Entries taken from a collection:
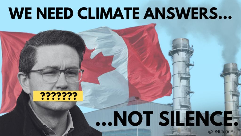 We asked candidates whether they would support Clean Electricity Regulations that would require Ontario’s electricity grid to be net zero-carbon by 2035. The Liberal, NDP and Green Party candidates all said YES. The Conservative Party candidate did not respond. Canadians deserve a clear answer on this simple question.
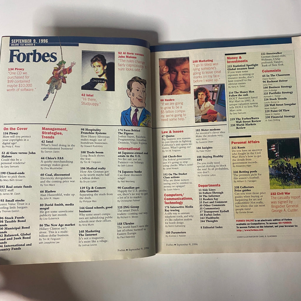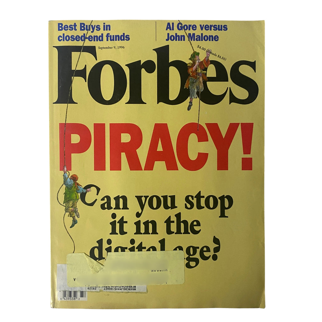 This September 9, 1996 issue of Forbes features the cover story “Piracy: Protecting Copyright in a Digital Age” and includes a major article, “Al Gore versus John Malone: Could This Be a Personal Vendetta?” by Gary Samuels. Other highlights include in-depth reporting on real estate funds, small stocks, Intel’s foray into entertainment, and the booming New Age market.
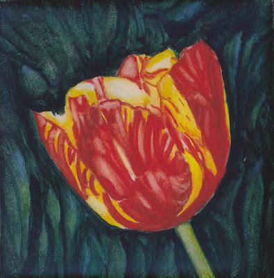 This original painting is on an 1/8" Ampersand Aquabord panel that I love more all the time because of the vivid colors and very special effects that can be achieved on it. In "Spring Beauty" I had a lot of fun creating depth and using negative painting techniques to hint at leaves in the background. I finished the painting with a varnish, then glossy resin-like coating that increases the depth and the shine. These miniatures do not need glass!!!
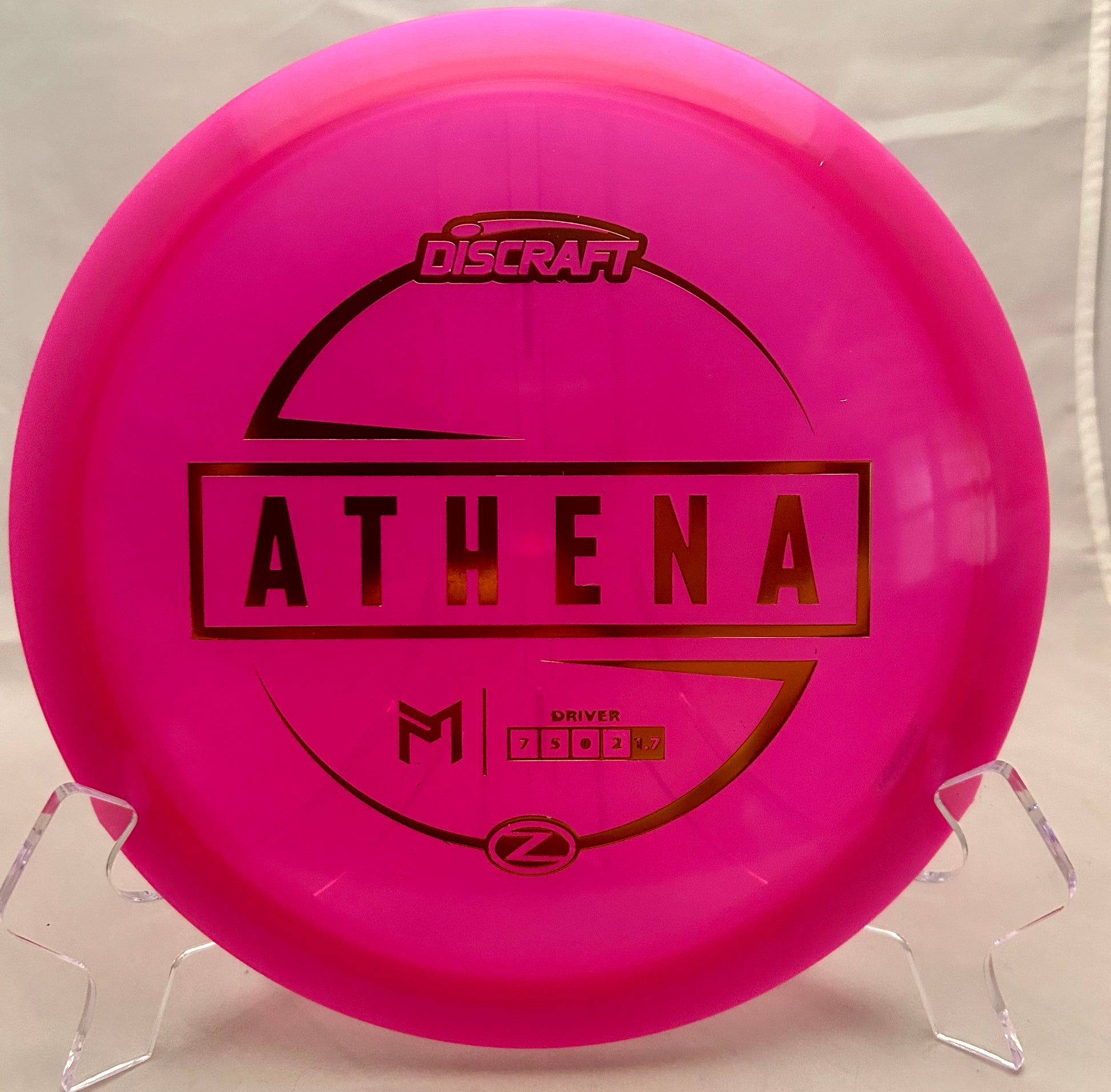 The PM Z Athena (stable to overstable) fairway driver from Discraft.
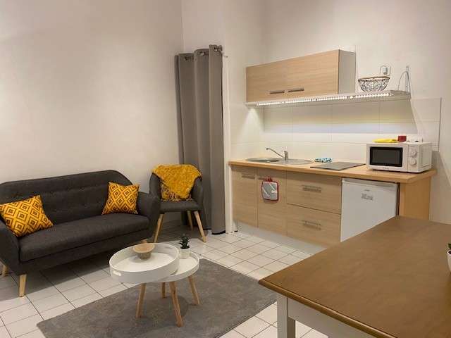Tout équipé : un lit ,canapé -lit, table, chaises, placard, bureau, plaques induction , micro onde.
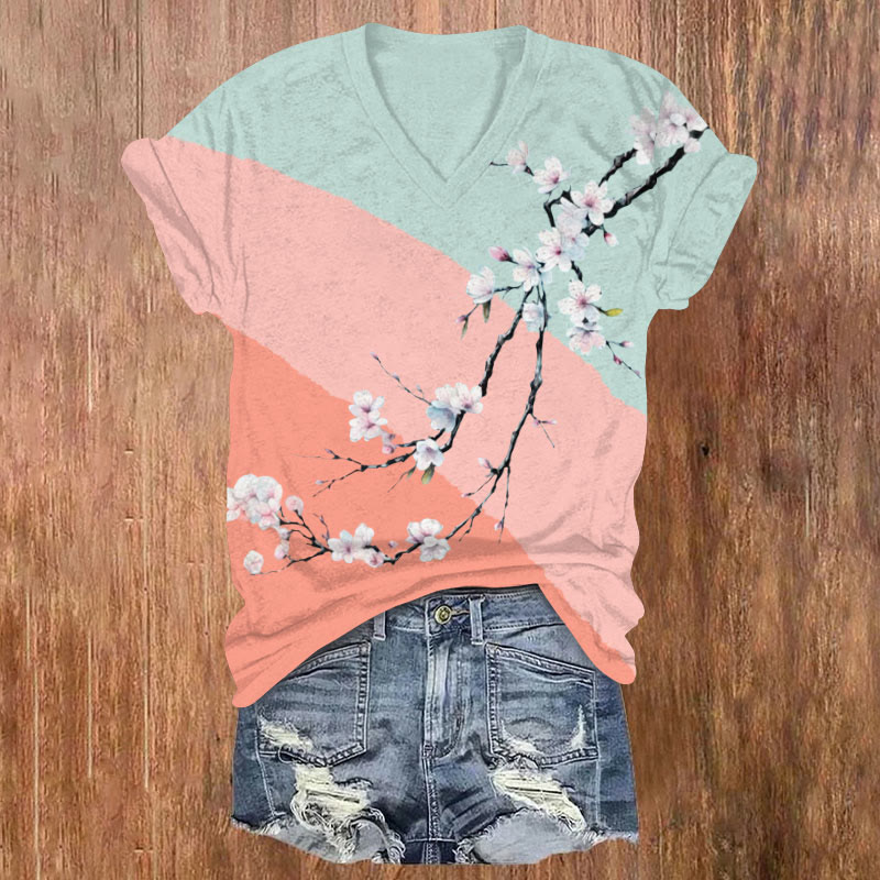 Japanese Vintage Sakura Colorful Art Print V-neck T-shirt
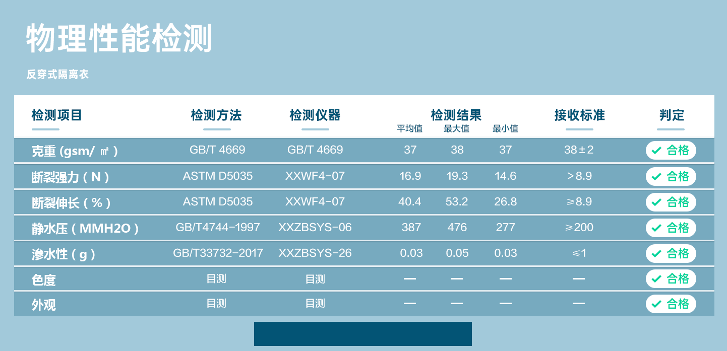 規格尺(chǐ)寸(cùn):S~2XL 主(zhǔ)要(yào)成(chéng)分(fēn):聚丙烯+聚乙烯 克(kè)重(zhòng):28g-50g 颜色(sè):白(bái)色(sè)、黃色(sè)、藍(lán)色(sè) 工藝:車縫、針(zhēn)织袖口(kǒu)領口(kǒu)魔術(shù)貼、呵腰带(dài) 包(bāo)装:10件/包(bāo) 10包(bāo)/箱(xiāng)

## What to work on
Working from the entries above, reproduce exactly and only the lines beginning with the line that has "The PM Z Athena" and ending with the line that has "Japanese Vintage Sakura"; omit all pictures.

## Exercise response
 The PM Z Athena (stable to overstable) fairway driver from Discraft.
Tout équipé : un lit ,canapé -lit, table, chaises, placard, bureau, plaques induction , micro onde.
 Japanese Vintage Sakura Colorful Art Print V-neck T-shirt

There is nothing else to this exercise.